CRISPR-cas9: a powerful tool towards precision medicine in cancer treatment

Abstract

Cancer is a highly heterogeneous disease in term of molecular signature even though it is originated from the same tissue type. Cancer heterogeneity may occur during its development or treatment, which is the main cause resulting in drug resistance and recurrence. Precision medicine refers to matching the right medicine to the right patients based on their molecular signatures. Therefore, a thorough understanding of the mechanism of tumorigenesis and drug resistance is essential to precision medicine. CRISPR-cas9 system is a powerful tool for gene editing and CRISPR-based high-throughput screening has been widely applied especially in searching for tumor-driven or synergistic lethal genes aiming to overcome drug resistance. In this review, we describe the progress of CRISPR-cas9-based unbiased screening in precision medicine including identification of new drug targets, biomarkers and elucidation of mechanisms leading to drug resistance. The existing challenges as well as the future directions are also discussed.

Keywords: CRISPR-cas9; biomarker; drug resistance; drug target; precision medicine; synergistic lethality.

Fig. 1. Mechanism of CRISPR-cas9-mediated gene editing.

The synthesized 20 nt sgRNA is complementary to the target sequence near the protospacer adjacent motif (PAM). The cas9 protein introduces double-strand break (DSB) through the endonuclease domains HNH and Ruvc and then mediates gene repair by nonhomologous end joining (NHEJ) and homology directed repair (HDR), which may lead to an indel mutation or gene knockout. Moreover, cas9 can also be transformed into dcas9 by inactivating the endonuclease domain, which could cause gene transcriptional repression or activation via fusion to a transcriptional activator or repressor.

Fig. 2. CRISPR-cas9 screening process in vitro and in vivo.

A large number of sgRNAs were synthesized and cloned into a lentiviral vector to form pooled libraries. Meanwhile, cells stably expressing cas9/dcas9 were constructed. The viruses were then transduced at a low MOI, and the cells with stable perturbation remained after antibiotic selection. Positive or negative screening in vitro or in vivo was carried out according to different experimental purposes, and bioinformatics analysis was conducted according to the results of next-generation sequencing to identify the candidate genes.

Fig. 3. Screening methods used for CRISPR-cas9.

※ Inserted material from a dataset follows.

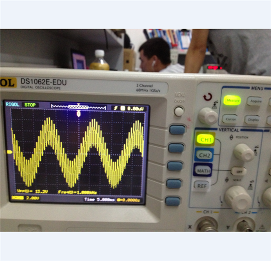 您好,我放大您的波形来看,没看错的话这个耦合的1KHZ 波形 VPP在 10V 左右!? 您的供电电源是多大?

A CRISPR-cas9 screen can utilize either positive or negative screening according to the screening purpose. A positive screen focuses on surviving cells, whereas a negative screen focuses on dead cells. Screening can be further divided into loss-of-function (LOF knockout) or gain-of-function (GOF overexpression) screening according to the different functions of gene editing. Drug-resistance or suppressor genes are subsequently identified by the corresponding approach.